To register the template as an Altair theme:
To download the fonts used in the template:
Let’s see how this changes the charts.
The theme automatically has been configured to improve the data-to-ink ratio and align all texts horizontally. Adding action titles can be done using alt.TitleParams
, with which you can not only add a title, but also add multiple subtitles lines which you pass as a list.
The effect of aligning all text horizontally is a significant improvement on the bar chart, which is now much easier to read. Adding a two-line subtitle make the action title even more compelling. Using alt.mark_text()
we can easily add footnotes as well, in this case to provide references to the claim.
footnote = alt.Chart(wheat).mark_text(
text="*Source: https://en.wikipedia.org/wiki/British_Agricultural_Revolution",
color="#000000",
x=0,
y="height",
dy=60,
align="left",
)
alt.layer(barchart, footnote).properties(
title=alt.TitleParams(
"What's Up With Wheat",
subtitle=[
"An example of the impact of the agricultural revolution",
"Productivity increased through mechanization*",
],
),
)
Although legends are fine for exploratory data analysis, where you don’t want to spend too much time tweaking your charts, for explanatory data analysis we want to make it as easy on the reader as possible. Unforunately, I couldn’t find a way to add annotations (instead of a legend) using Altair’s theming engine. Here’s a first shot by implementing it manually.
chart = alt.Chart(stocks).encode(color=alt.Color("symbol", legend=None))

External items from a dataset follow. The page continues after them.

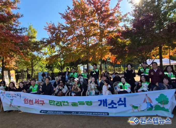 원스텝뉴스 이병희 기자 | 인천 서구의회 서구반려동물정책연구회(대표의원 홍순서)는 지난 1일 서구청 축산동물팀과 공동으로 원신근린공원에서 서구 최초 반려견 놀이터 개소식을 개최했다.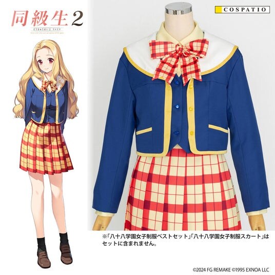 1997年発売の「同級生2(Windows版)」をベースに、2024年6月に発売された『同級生2リメイク』。公式キャラクターコスチュームのCOSPATIO(コスパティオ)ブランドより、公式監修のもと鳴沢唯たちが通う「八十八学園(やそはちがくえん)」の女子制服が登場。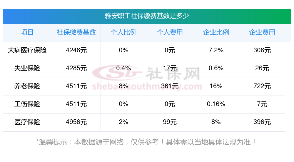 雅安的社保缴费情况,依据2025年最新的缴费标准,我们可以详细地进行如下说明。这些标准是根据新社通app-社保缴费查询工具提供的数据整理得出的:

line = chart.mark_line().encode(
x=alt.X("date:T", axis=alt.Axis(title="date")),
y=alt.Y("price:Q", axis=alt.Axis(title="price")),
tooltip=["date", "price"],
)
label = chart.encode(
x=alt.X("date:T", aggregate="max"),
y=alt.Y("price:Q", aggregate={"argmax": "date"}),
text="symbol",
)
text = label.mark_text(align="left", dx=4)
circle = label.mark_circle()
(
(line + circle + text).configure_axisX(labelAngle=0, ticks=False)
# .configure_axisY(titleAngle=0, titleAlign="center", titleX=-10, titleY=-10)
).properties(
width=600,
title=alt.TitleParams(
"The Rise of Google",
subtitle=[
"Google went public in 2004",
"and outperformed other tech stocks until 2010",
],
),
)
I could go on for hours, tweaking this and that. For example, the labels in the last chart overlap. Vega has the label transform method to deal with that, but that implementation still needs to cascade down to Vega-Lite and Altair. Someday, I will package all this as a proper theme, re-using feedzai’s code.